# Thread: Prove prime p divides infinitely many members of 1, 11, 111, 1111...

1. ## Prove prime p divides infinitely many members of 1, 11, 111, 1111...

Prove that if p is prime and p > 5, then infinitely many members of the sequence 1, 11, 111, 1111, ... are divisible by p.

I think I can do most of it. Since p > 5, I used Fermat's little theorem to show 10^(p-1) - 1 ≡ 0 mod p. Then 99...99 ≡ 0 mod p (p-1 nines), which means 11...11 ≡ 0 mod p (p-1 ones) since p > 5 so gcd(p,9) = 1.

That shows one member of the sequence is divisible by p, but how do I go from here to show there are infinitely many?

2. I think the rest is indeed easy. Let m = 11...11 (p-1 ones).

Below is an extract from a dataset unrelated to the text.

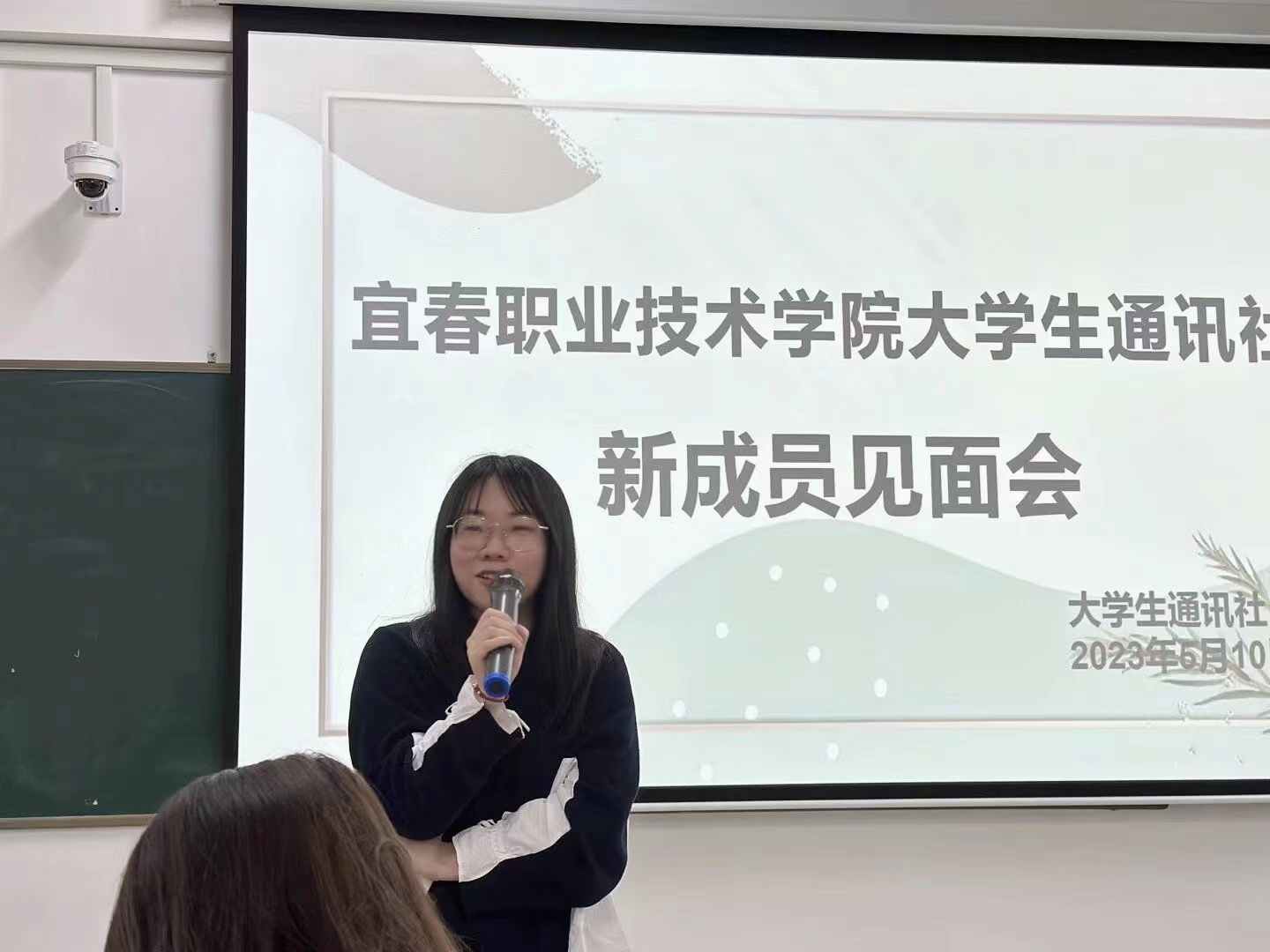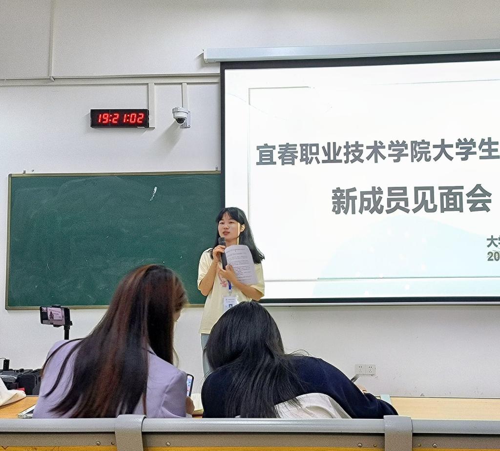 副社长易婕发言。她对新成员的加入表示热烈欢迎,真心感谢每一位在不同岗位上尽职尽责的伙伴。易婕对社员们提出四点要求:一要严格遵守大学生通讯社的各项规章制度,热爱集体与部门,有明确的奋斗目标;二要虚心求教,积极主动地思考,学会总结、不断创新;三要有合作意识,充分发挥团队的作用;四要学会正确处理部门与学习的关系,在工作中得到快乐。

Suppose n = 11...11 ≡ 0 (mod p). Then 10^(p-1) * n + m ≡ 0 (mod p).

3. Originally Posted by uberbandgeek6
Prove that if p is prime and p > 5, then infinitely many members of the sequence 1, 11, 111, 1111, ... are divisible by p.

I think I can do most of it. Since p > 5, I used Fermat's little theorem to show 10^(p-1) - 1 ≡ 0 mod p. Then 99...99 ≡ 0 mod p (p-1 nines), which means 11...11 ≡ 0 mod p (p-1 ones) since p > 5 so gcd(p,9) = 1.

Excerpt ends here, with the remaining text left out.